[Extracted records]
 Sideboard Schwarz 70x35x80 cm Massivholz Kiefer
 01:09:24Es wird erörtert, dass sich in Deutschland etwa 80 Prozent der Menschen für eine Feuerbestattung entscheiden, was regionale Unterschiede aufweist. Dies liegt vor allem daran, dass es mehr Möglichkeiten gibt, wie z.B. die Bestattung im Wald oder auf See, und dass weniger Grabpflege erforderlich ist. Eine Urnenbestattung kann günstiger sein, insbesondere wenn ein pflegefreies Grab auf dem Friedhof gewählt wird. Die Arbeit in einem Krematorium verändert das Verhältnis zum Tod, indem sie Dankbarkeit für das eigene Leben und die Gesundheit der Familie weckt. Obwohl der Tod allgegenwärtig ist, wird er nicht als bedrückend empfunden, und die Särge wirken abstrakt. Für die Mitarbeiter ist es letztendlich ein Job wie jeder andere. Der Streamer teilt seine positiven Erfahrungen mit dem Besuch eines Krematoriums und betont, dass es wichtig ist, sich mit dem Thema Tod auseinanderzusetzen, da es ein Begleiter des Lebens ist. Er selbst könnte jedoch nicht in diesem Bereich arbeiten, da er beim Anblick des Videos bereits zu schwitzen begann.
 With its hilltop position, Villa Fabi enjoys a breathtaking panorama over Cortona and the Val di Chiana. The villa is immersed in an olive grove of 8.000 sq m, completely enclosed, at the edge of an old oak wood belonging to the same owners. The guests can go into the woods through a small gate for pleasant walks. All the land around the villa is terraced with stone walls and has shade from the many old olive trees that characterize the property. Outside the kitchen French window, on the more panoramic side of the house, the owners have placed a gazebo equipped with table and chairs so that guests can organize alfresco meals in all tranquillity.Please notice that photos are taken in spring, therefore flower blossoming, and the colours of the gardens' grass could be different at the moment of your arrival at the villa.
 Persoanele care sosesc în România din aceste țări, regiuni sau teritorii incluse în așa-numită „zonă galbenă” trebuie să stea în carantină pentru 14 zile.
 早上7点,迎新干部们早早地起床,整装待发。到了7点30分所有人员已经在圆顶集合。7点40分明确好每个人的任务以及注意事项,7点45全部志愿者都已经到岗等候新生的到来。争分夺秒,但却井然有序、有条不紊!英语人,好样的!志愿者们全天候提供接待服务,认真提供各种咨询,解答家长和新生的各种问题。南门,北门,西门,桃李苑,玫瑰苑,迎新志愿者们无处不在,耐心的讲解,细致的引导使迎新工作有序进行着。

* * *

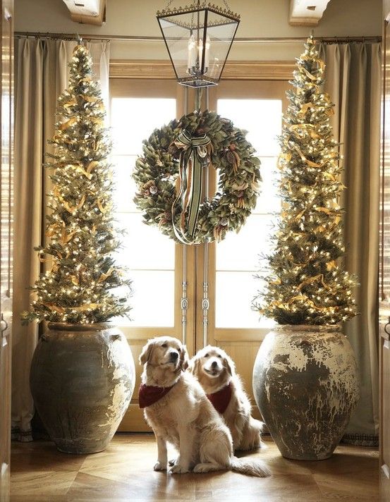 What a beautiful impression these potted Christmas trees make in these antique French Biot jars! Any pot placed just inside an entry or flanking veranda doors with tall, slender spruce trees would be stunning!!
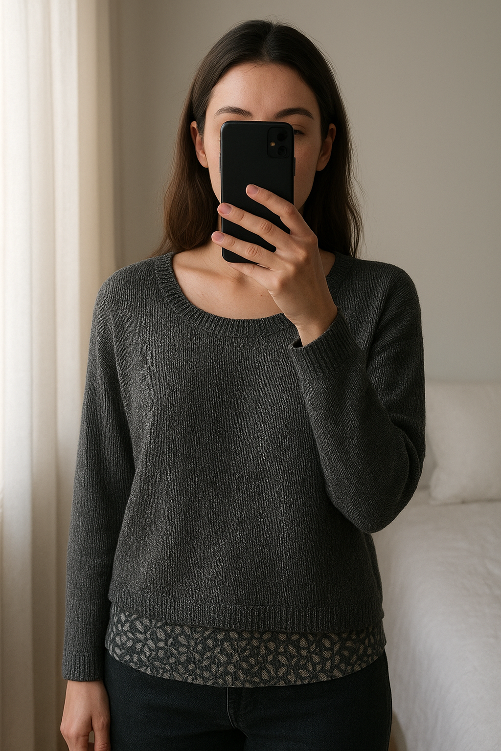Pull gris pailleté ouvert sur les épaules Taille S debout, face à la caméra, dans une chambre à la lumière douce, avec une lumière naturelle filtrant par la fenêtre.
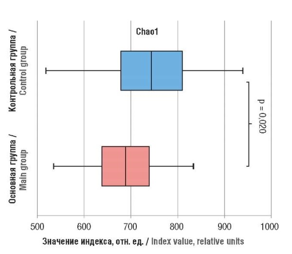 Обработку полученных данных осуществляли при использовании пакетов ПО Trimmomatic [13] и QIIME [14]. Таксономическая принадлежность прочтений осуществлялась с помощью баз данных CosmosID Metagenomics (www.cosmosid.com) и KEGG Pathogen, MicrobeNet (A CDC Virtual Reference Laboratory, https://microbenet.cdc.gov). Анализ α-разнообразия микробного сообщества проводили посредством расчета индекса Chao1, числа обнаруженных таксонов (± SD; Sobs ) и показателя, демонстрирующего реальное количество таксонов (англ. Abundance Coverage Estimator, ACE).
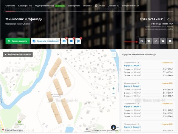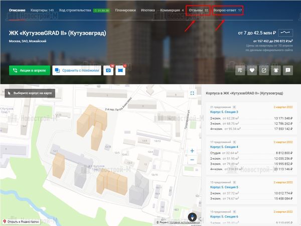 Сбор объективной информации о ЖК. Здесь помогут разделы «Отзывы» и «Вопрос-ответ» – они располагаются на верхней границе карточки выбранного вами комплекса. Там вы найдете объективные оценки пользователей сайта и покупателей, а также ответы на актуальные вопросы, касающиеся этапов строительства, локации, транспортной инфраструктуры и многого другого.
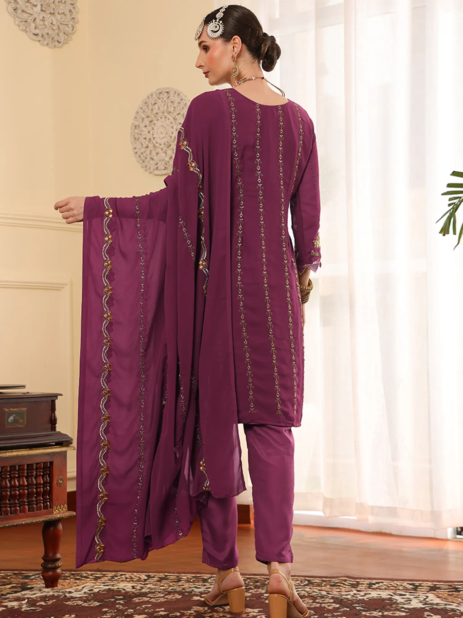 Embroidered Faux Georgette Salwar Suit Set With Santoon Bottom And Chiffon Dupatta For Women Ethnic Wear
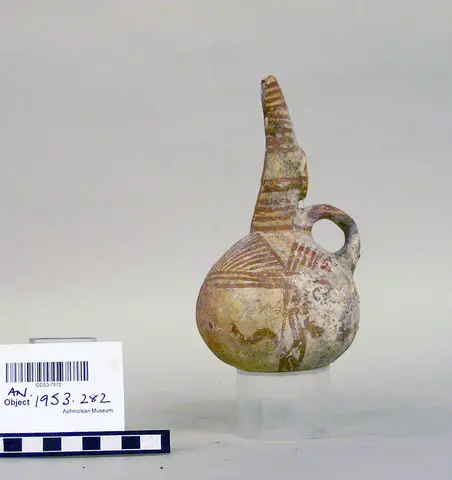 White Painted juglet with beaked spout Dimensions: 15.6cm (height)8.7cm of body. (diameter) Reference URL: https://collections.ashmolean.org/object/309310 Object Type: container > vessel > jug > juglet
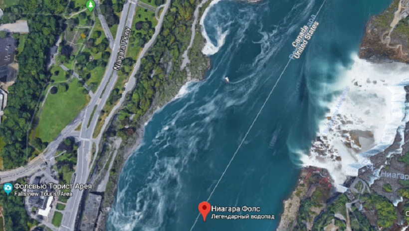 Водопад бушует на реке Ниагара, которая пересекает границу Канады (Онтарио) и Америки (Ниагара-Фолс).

• **EXERCISE DESCRIPTION**
I'd like the lines above repeated exactly, from the one that contains "Сбор объективной информации" through the one that contains "Водопад бушует на", with no pictures.

• **COMPLETED EXERCISE**
 Сбор объективной информации о ЖК. Здесь помогут разделы «Отзывы» и «Вопрос-ответ» – они располагаются на верхней границе карточки выбранного вами комплекса. Там вы найдете объективные оценки пользователей сайта и покупателей, а также ответы на актуальные вопросы, касающиеся этапов строительства, локации, транспортной инфраструктуры и многого другого.
 Embroidered Faux Georgette Salwar Suit Set With Santoon Bottom And Chiffon Dupatta For Women Ethnic Wear
 White Painted juglet with beaked spout Dimensions: 15.6cm (height)8.7cm of body. (diameter) Reference URL: https://collections.ashmolean.org/object/309310 Object Type: container > vessel > jug > juglet
 Водопад бушует на реке Ниагара, которая пересекает границу Канады (Онтарио) и Америки (Ниагара-Фолс).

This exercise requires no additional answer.